Read Part One.

The month before my wedding was when I really started to consider what meals would look like every day when Johnny and I were married.

I wasn’t about to cook him the dinners of my orthorexic past—usually 1/2 cup chicken breast boiled in water with some spinach and maaaybe a 1/4 avocado occasionally—so I needed to think of something new.

You see, before this month of December, I had already gone almost 3 years with no food rules. What I hadn’t fully realized, though, was that the knowledge I had of macros and calories and nutrients still ruled over my food choices in many ways. I didn’t choose a burger over a salad—or anything over a salad—unless I had no choice. I had the same oatmeal every day. I never cooked with oil. And I still wondered why I couldn’t gain weight or get my period back.

No, I wasn’t obsessively counting every macro anymore… but I had come to BELIEVE that eating needed to be a restrictive practice. Oh, how wrong I was.

It was thinking about my coming marriage that made me realize that wrong. I started to cook things for myself that I hadn’t eaten in literally almost a decade.
Pies.
Mashed potatoes.
Lasagna.
Oily stir fries.
Cookies.
Mac & cheese.

Are you salivating?

So many things… And, in the process… I awakened my extreme hunger.

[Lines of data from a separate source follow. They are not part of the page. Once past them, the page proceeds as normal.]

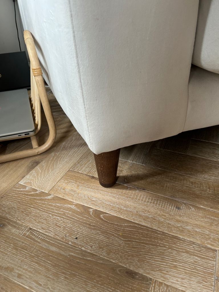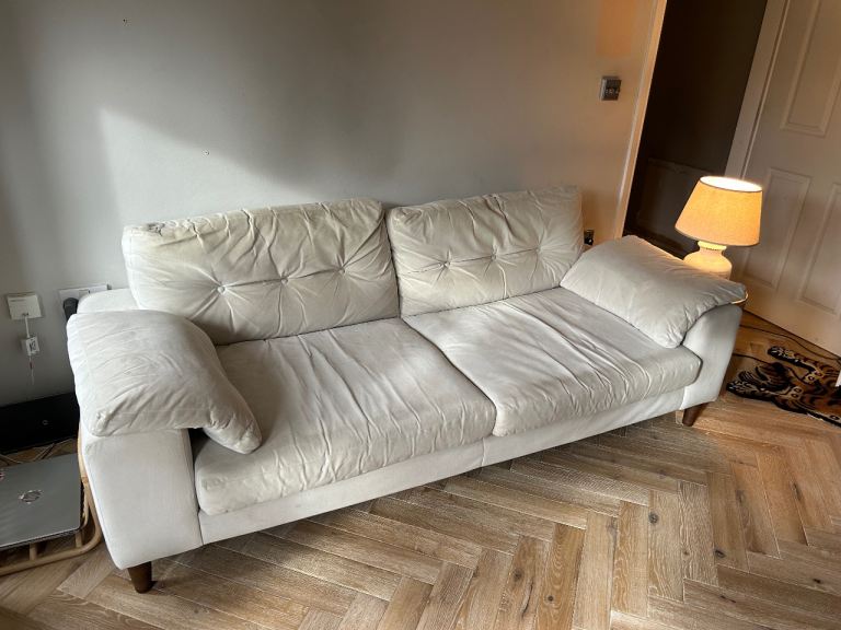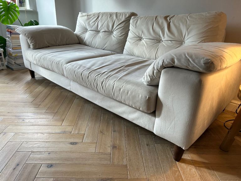 Stone, beige, off white colour velvet sofa. 2 seater from Darlings of Chelsea.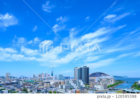 唐人町・大濠公園方面から望む早良区百道浜、地行浜、福岡タワー一帯 2024春 朝カラー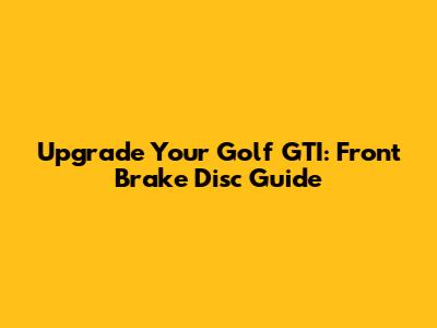 Upgrade Your Golf GTI: Front Brake Disc Guide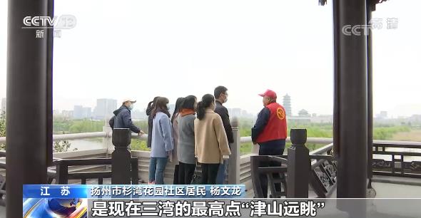 江蘇揚州杉灣花園社區居民 楊文龍:我們處的這個位置是現在三灣的最高點“津山遠眺”,像現在這個春天,我們大家看到可以說是繁花似錦,古運河的水是非常清澈......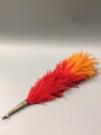 Pluim van oranje en rode veren in metalen houder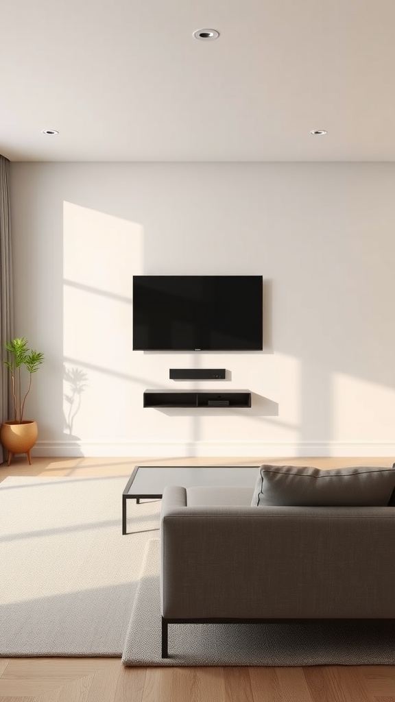 In a minimalist living room, technology often takes a back seat, blending seamlessly into the design. The image showcases a sleek TV mounted on the wall, which keeps the space open and clutter-free. This setup not only maximizes floor space but also keeps the focus on the room’s clean lines and simple aesthetic.

My body had been desperately crying out for calories. It didn’t care about macros; it just wanted energy.

It was amazing to eat and feel nourished.
It was amazing to start to feel awake again.

It was not amazing to go to bed bloated, to not be able to button up my pants, or to fear what I must weigh on the scale. It was not amazing—at first—to realize that I would need to get my wedding dress altered because my body had changed.

But it is amazing now.

I look back and I see nothing but amazing works of Jesus for His glory. If I had to look back forever at wedding photos in which I was my slimmest, the devil would have a hay day I’m sure.

If you are reading this and are beginning to realize that it’s been a long time for you, too, since you’ve eaten anything actually delicious… that you fear certain foods… that the strictness of your eating prevents you from going out with friends… I have some tips for you.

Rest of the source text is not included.